Anja zögerte. Er bot ihr eine Perspektive. War ihr Kind erst einmal älter, konnte sie immer noch andere Wege einschlagen, aber vorerst war sein Angebot die Rettung.

„Ich möchte gerne einmal darüber schlafen“, sagte sie dennoch nicht gleich zu, weil sie nicht gierig erscheinen wollte. Allerdings war ihr klar, dass es etwas zu spät war, um den Schein noch wahren zu können.

„Nehmen Sie sich Zeit! Wollen Sie sich das Büro einmal anschauen? Wenn Sie nichts Besseres vorhaben, ich habe heute keine Termine mehr und könnte Ihnen alles zeigen.“

***

Die Kanzlei lag in keinem sonderlich guten Viertel Münchens. Das Haus, in dem sie im Erdgeschoss untergebracht war, war ein Altbau und kaum saniert. Die drei Meter hohen Räume und der alte, knarzende Dielenboden hatten Charme, aber einem Vergleich mit Klaus’ moderner und luxuriöser Kanzlei hielt das bei Weitem nicht stand.

„Die Zeitung für postmoderne Innenarchitektur wird eher keinen Artikel über uns bringen, aber man kann hier gut arbeiten“, verteidigte Stifter sein Reich, noch bevor Anja etwas Negatives sagen konnte.

„Für eine entsprechende Klientel ist das Ambiente hier unvereinbar“, meinte sie nur zurückhaltend. Der Mietpreis, den er ihr genannt hatte, lag für sie genau im Rahmen, und von daher konnte sie nicht mehr erwarten.

„Wie wahr! Wie wahr! Millionäre gehen hier eher selten aus und ein. Aber für diese Klientel gibt es in München die Webers, Schmidthubers und mehr. Glauben Sie mir, geschieden wird in allen Gesellschaftsklassen, und rechtlichen Beistand brauchen viele Menschen, auch wenn es dabei nicht um Millionen geht, die verteilt werden müssen“, meinte er ironisch.

„Ja, da haben Sie recht.“

„Aber glauben Sie nicht, dass es deswegen weniger zur Sache geht. Für einige Menschen sind ein Kühlschrank oder eine Waschmaschine Grund, sich an die Kehle zu gehen, weil es existenzielle Ängste auslöst, die Dinge zu verlieren. Das Leben ist vielschichtig und kompliziert“, fuhr er fort.

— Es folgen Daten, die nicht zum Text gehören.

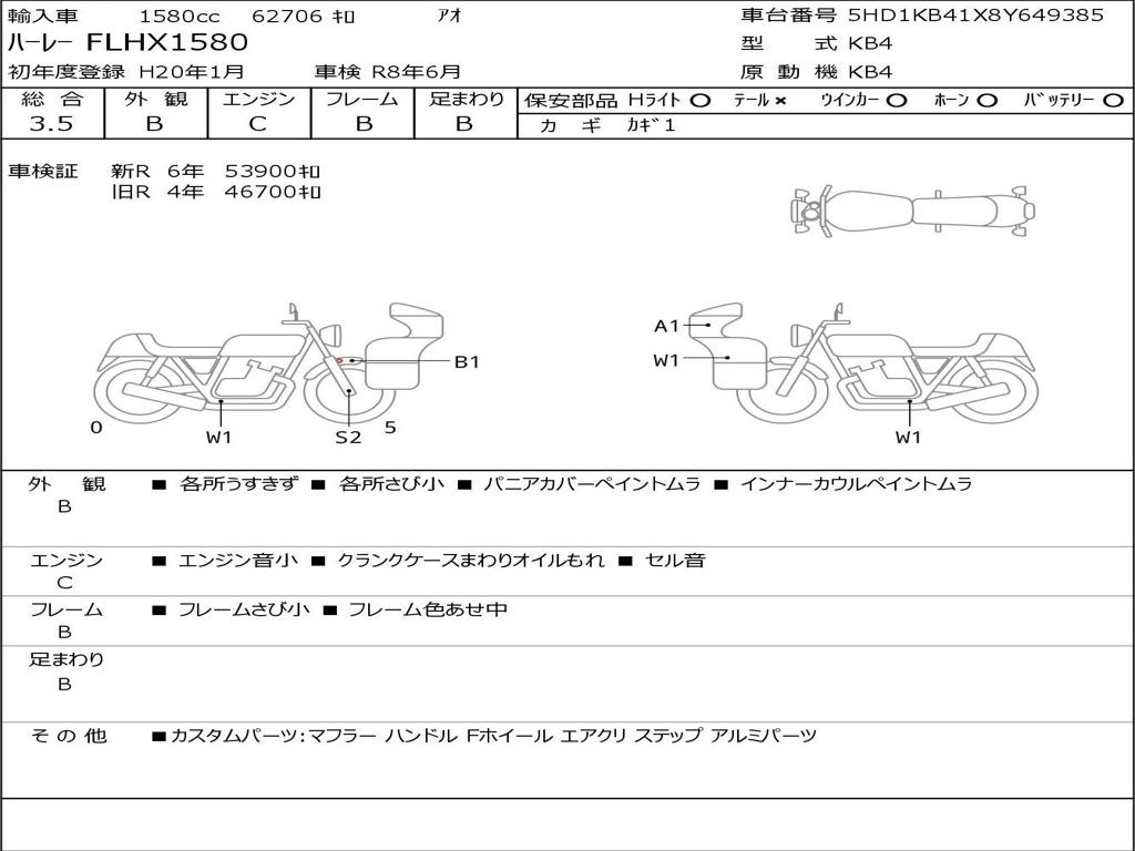 | Номер рамы / VIN | 5HD1KB41X8Y649385 |

„Sie sind ein Philosoph. Erfrischend. In unserem Beruf muss man wohl zynisch werden“, stellte Anja fest. „Wer kann noch an die große Liebe und Wolke Rosa glauben, wenn er immerzu sieht, wie Menschen miteinander umgehen, sobald die Liebe erloschen ist.“

Sie war in Gedanken bei Klaus. Noch vor einer guten Woche war sie überzeugt gewesen, keinen Menschen besser zu kennen als ihn. Nun wusste sie so gut wie nichts mehr über diesen Mann, der ohne mit der Wimper zu zucken, alles daransetzte, ihre Existenz zu zerstören.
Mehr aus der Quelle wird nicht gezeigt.